More than 99% of the stories linked in blogs came from legacy news outlets such as newspapers and broadcast networks, with 80% of the links going to just four — the BBC, CNN, the New York Times, and the Washington Post.

Despite this, blogs shared the lead story with traditional media in just 13 of the 49 weeks studied, while Twitter shared the traditional news media agenda in just 4 weeks of the 29 weeks in which Twitter was studied. But despite a different agenda being propagated in social media, it may be that mainstream media continues to mimic itself instead of taking a clue from its audience, which is increasingly getting news tips from social sources like blogs and Twitter:

. . . social media tend to hone in on stories that get much less attention in the mainstream press. And there is little evidence, at least at this point, of the traditional press then picking up on those stories in response.

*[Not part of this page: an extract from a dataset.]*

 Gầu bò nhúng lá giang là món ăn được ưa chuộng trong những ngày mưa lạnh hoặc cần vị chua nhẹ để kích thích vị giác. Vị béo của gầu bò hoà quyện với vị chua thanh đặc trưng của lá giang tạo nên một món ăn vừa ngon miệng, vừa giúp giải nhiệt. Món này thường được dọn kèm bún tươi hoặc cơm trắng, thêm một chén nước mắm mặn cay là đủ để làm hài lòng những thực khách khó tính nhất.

Two stories — “Climategate” for blogs and the Iranian green revolution for Twitter — did leap from the social media agenda into the mainstream press during the time period studied.

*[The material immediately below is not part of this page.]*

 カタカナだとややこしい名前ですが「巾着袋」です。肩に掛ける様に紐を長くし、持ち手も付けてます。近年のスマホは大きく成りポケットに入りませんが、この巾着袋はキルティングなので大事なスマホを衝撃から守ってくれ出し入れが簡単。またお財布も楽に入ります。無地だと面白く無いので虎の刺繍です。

Interestingly, Web-only sites made up less than 1% of the links in the blogosphere, pointing to a lack of original content. But with traditional or legacy outlets moving aggressively into online publishing, it’s not surprising that they are consuming the vast majority of talent and attention.

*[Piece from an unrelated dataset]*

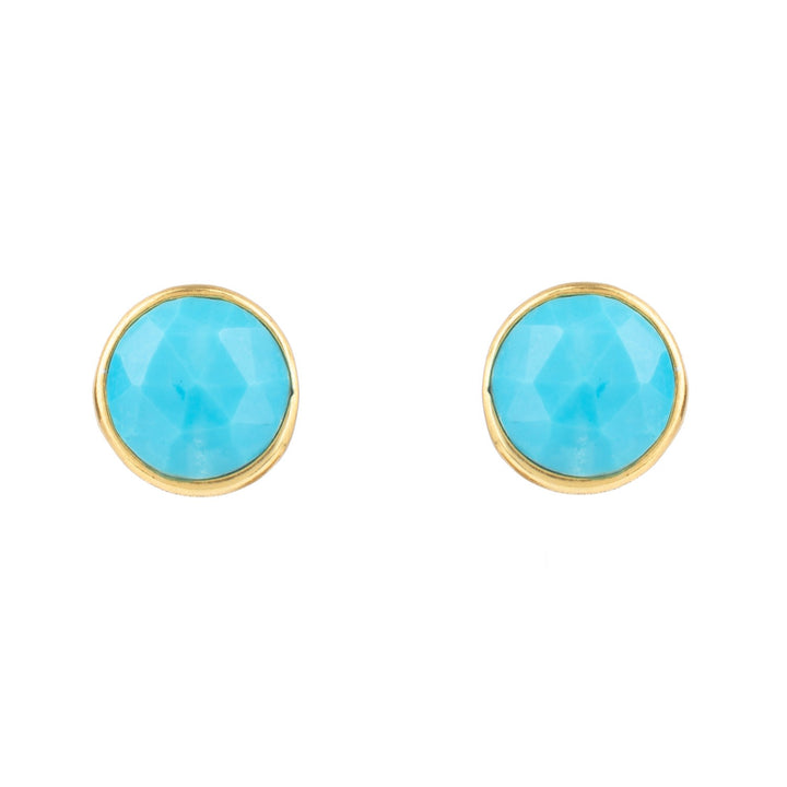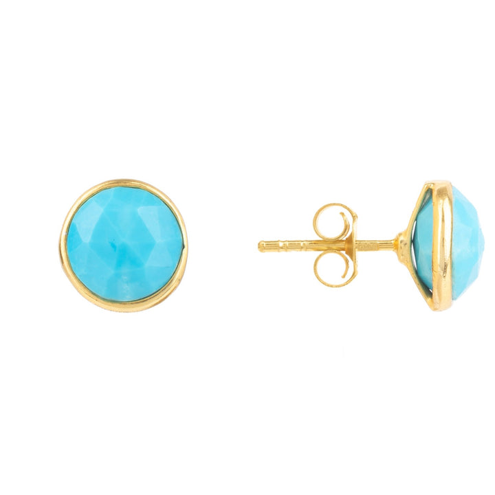 These stud earrings are made from 925 sterling silver that is gold-dipped. They are set with a turquoise stone and another natural stone.

The United States dominates the worldwide blogosphere, with 75% of links returning to US-based media outlets (49% newspapers and magazines, 26% broadcast, with 1% each for Web-only and wire services). Yet the BBC is in there slugging, generating 23% of links. The Guardian ran a distant second in this regard, with only 1% of the links returning to it.

Despite this apparent US focus, blogs, Twitter, and YouTube all covered foreign events more than the traditional press. This is part of how things are filtered differently in social media.

Debates in the blogosphere are also largely driven by East Coast legacy media outlets, with the Washington Post and the New York Times generating 73% of the opinion columns bloggers linked to.

Text rules, with 83% of links resolving to text-based stories compared to 17% that resolved to multimedia items.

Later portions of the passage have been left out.